From: Sean Christopherson
Date: Wed Jan 08 2025 - 10:18:09 EST
On Wed, Jan 08, 2025, Suleiman Souhlal wrote:
> On Wed, Jan 8, 2025 at 12:37 AM Sean Christopherson <seanjc@xxxxxxxxxx> wrote:
> > On Tue, Jan 07, 2025, Suleiman Souhlal wrote:
> > > Note that the case of a suspend happening during a VM migration
> > > might not be accounted.
> >
> > And this isn't considered a bug because? I asked for documentation, not a
> > statement of fact.
>
> I guess I don't really understand what the difference between documentation
> and statements of fact is.
It's the difference between "X may be buggy" and "X has this exact caveat because
KVM doesn't support saving/restoring associated metadata". For this case, I'm
pretty sure it's possible to document exactly when suspended time will be lost,
what may happen if that accounted time is lost, what userspace could do to avoid
dropping suspend time, and finally for the changelog only, specifically why KVM
support for accounting suspended time is *intentionally* not providing APIs to
save/restore pending suspended time.
> It's not completely clear to me what the desired behavior would be when
> suspending during a VM migration.
That's fine, it's not your (or KVM's) responsibility to know the desired
behavior for every possible/theoretical use case. But as above, it *is* KVM's
responsibility to properly document any caveats with functionality.
> If we wanted to inject the suspend duration that happened after the migration
> started, but before it ended, I suppose we would need to add a way for the
> new VM instance to add to steal time, possibly through a new uAPI.
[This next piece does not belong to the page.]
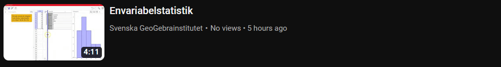Det finns redan en film om regressioner, så det tog jag inte upp speciellt. Fokus i ena filmen ligger på envariabelstatistik, både utan och med klassindelning, samt att skapa lådagram över två populationer som ska jämföras.

It's not just migration, and it's not just the case where the host is suspended
*after* vCPU state is saved. Pending suspended time will also be lost if vCPU
state is saved after suspend+resume without entering the guest (because the
accounting is done late in KVM_RUN).
> It is also not clear to me why we would want that.
Which is fine as well. If some crazy use case cares about accounting suspended
time across save+restore, then the onus is on that use case to implement and
justify appropriate support.